======== SUPPLIED ENTRIES ========

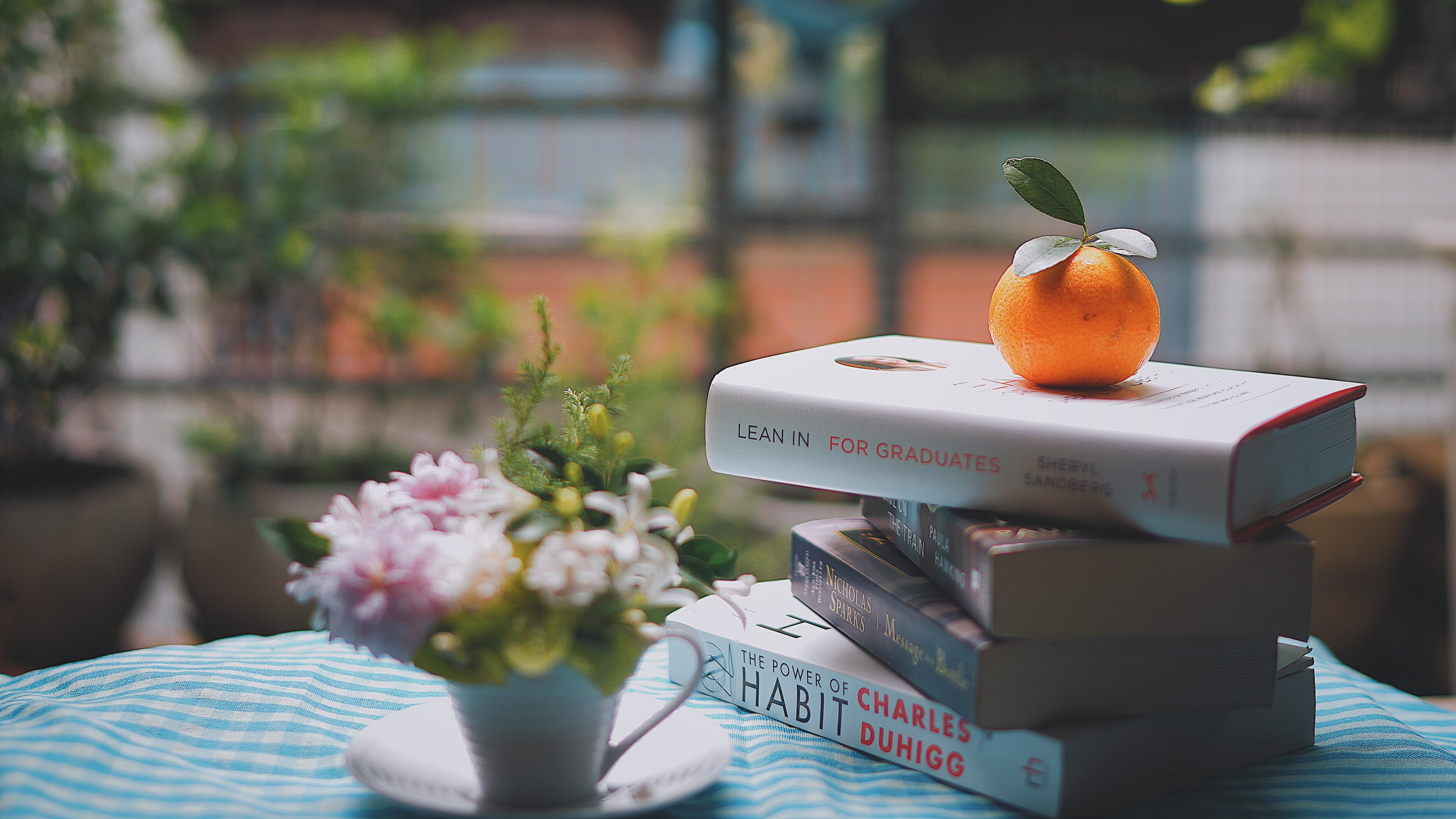 Description: A stack of books with a small orange on top of them sitting on a table with a vase of flowers.
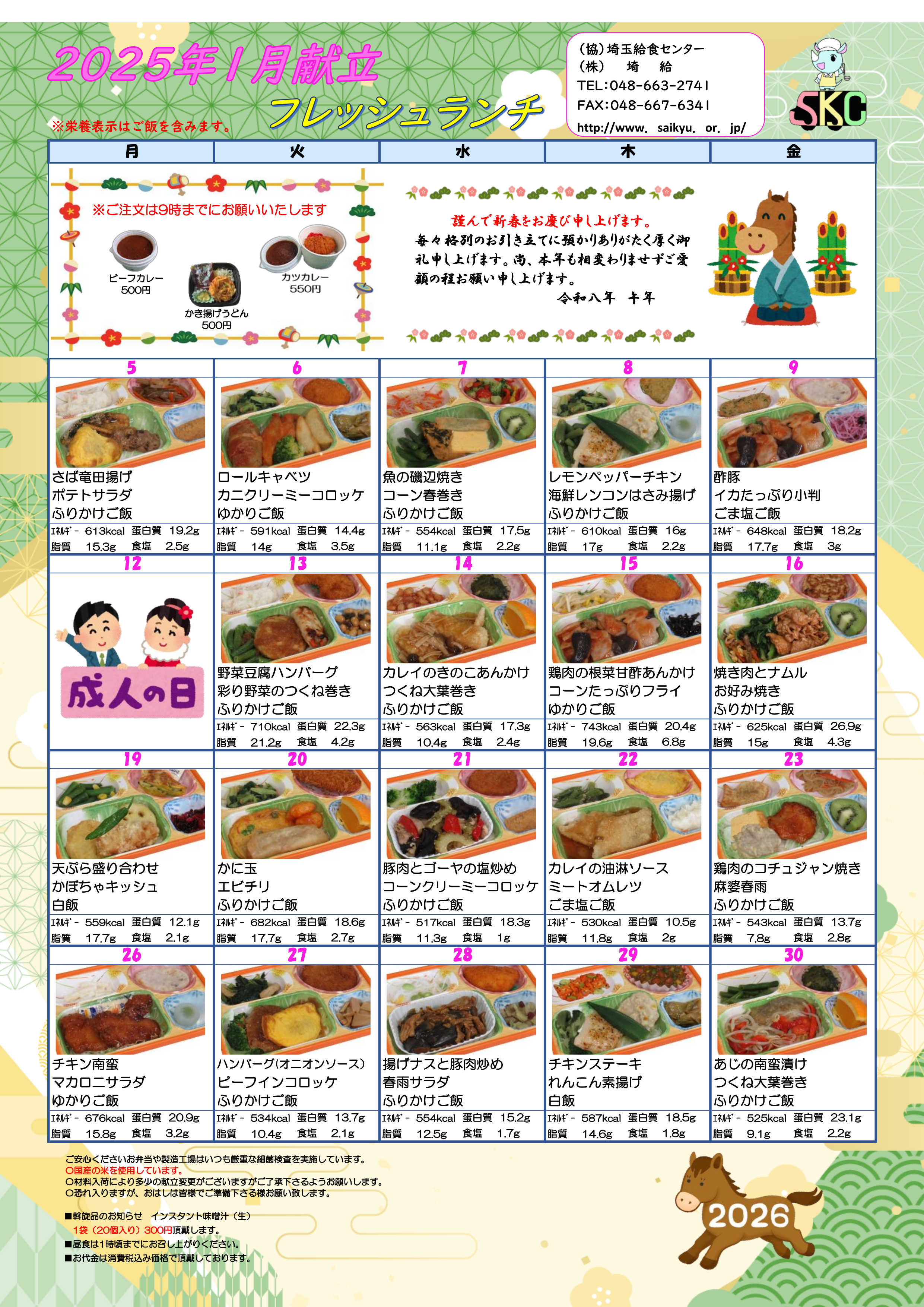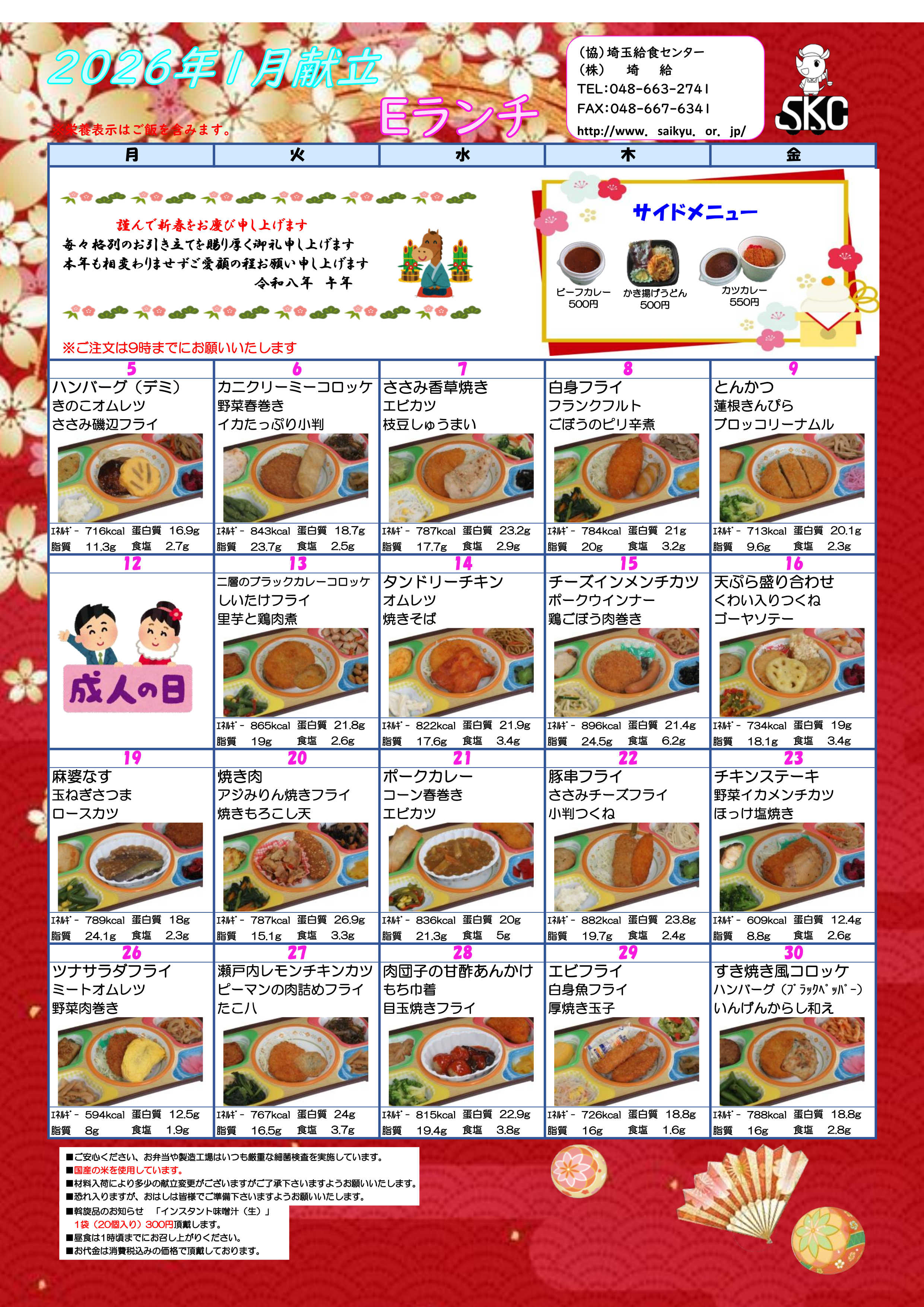 今月のメニュはこちら
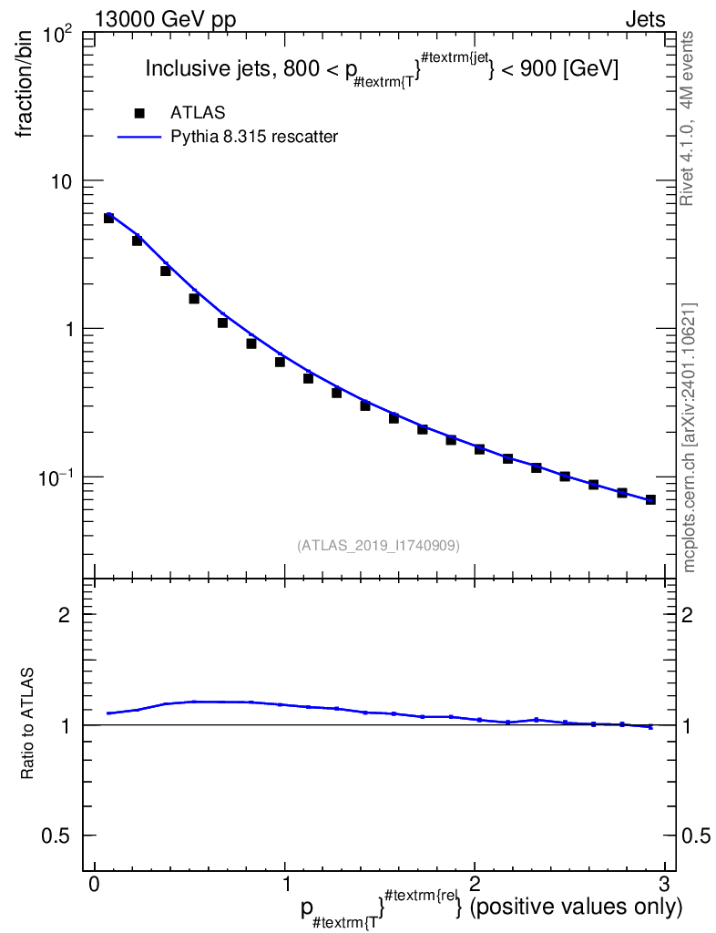 Lines: data, pythia8 8.315 rescatter |
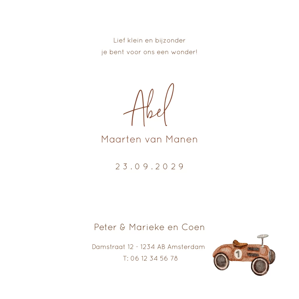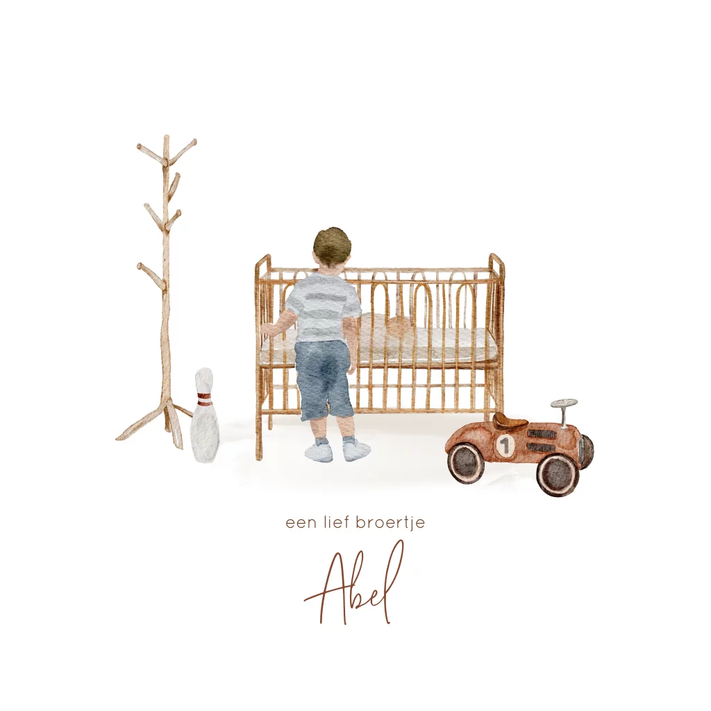Wat een lief geboorte kaartje voor een broertje is dit! De grote broer kijkt in een ledikantje naar het baby broertje en daarom heen staat speelgoed. Je kunt dit babykaartje voor een tweede kind helemaal zelf bewerken en aanpassen.
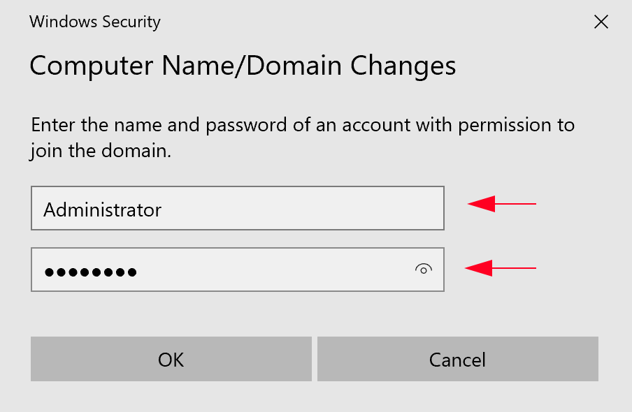 Krok 3. W wyświetlonym oknie wprowadź login i hasło użytkownika z grupy administratorów domeny. Wcześniej w tym podręczniku ustawiliśmy hasło dla konta Administrator, które jest członkiem grupy administratorów domeny.
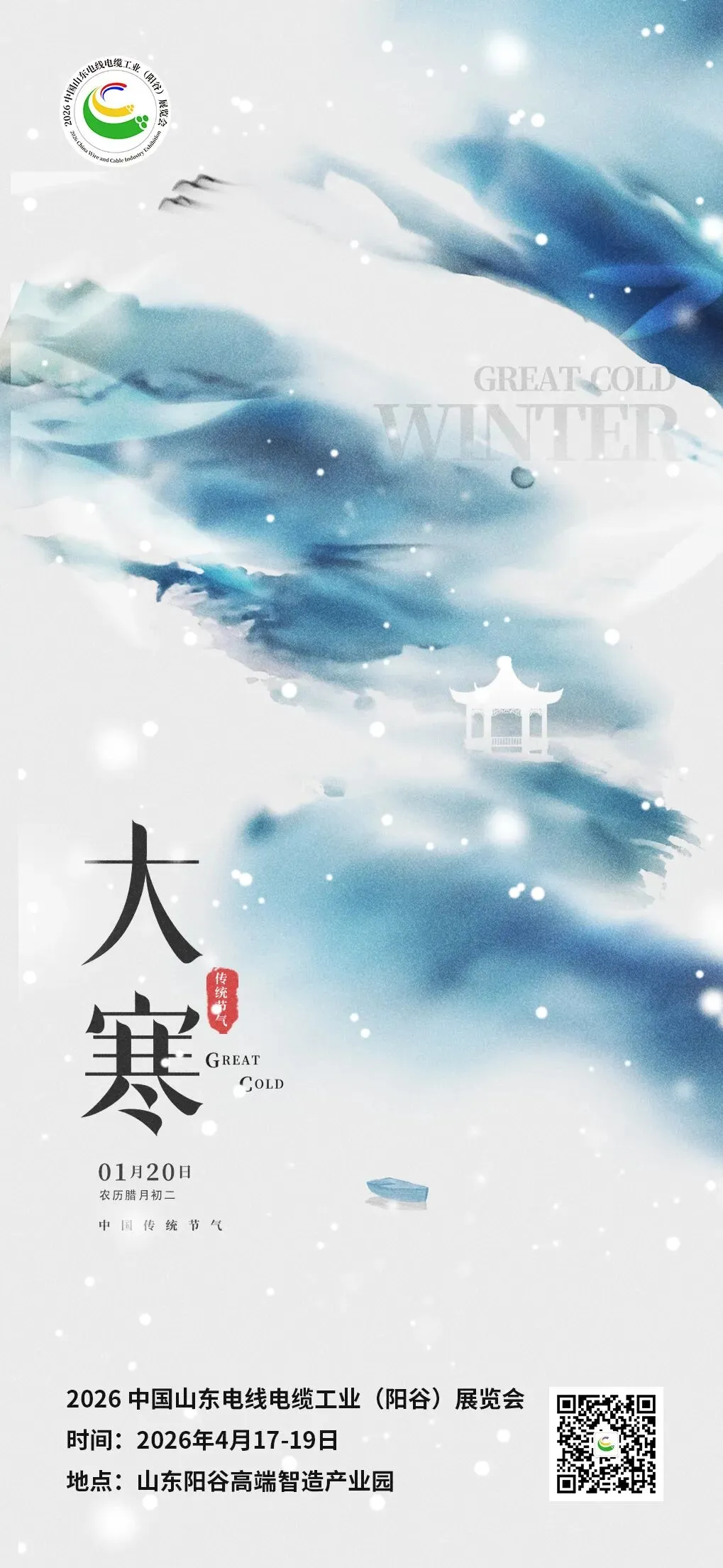大寒凛冽至,岁末寒意浓。在这全年最冷的时节,2026中国山东电线电缆工业(阳谷)展览会暨阳谷电缆品牌推广大会组委会,向您送上最诚挚的关怀与问候。

========

* TASK TO COMPLETE
Please repeat exactly the lines from the one containing "Lines: data, pythia8 8.315 rescatter |" through the end of the entries, both included, omitting pictures.

* RESULT OF THE TASK
 Lines: data, pythia8 8.315 rescatter |
Wat een lief geboorte kaartje voor een broertje is dit! De grote broer kijkt in een ledikantje naar het baby broertje en daarom heen staat speelgoed. Je kunt dit babykaartje voor een tweede kind helemaal zelf bewerken en aanpassen.
 Krok 3. W wyświetlonym oknie wprowadź login i hasło użytkownika z grupy administratorów domeny. Wcześniej w tym podręczniku ustawiliśmy hasło dla konta Administrator, które jest członkiem grupy administratorów domeny.
大寒凛冽至,岁末寒意浓。在这全年最冷的时节,2026中国山东电线电缆工业(阳谷)展览会暨阳谷电缆品牌推广大会组委会,向您送上最诚挚的关怀与问候。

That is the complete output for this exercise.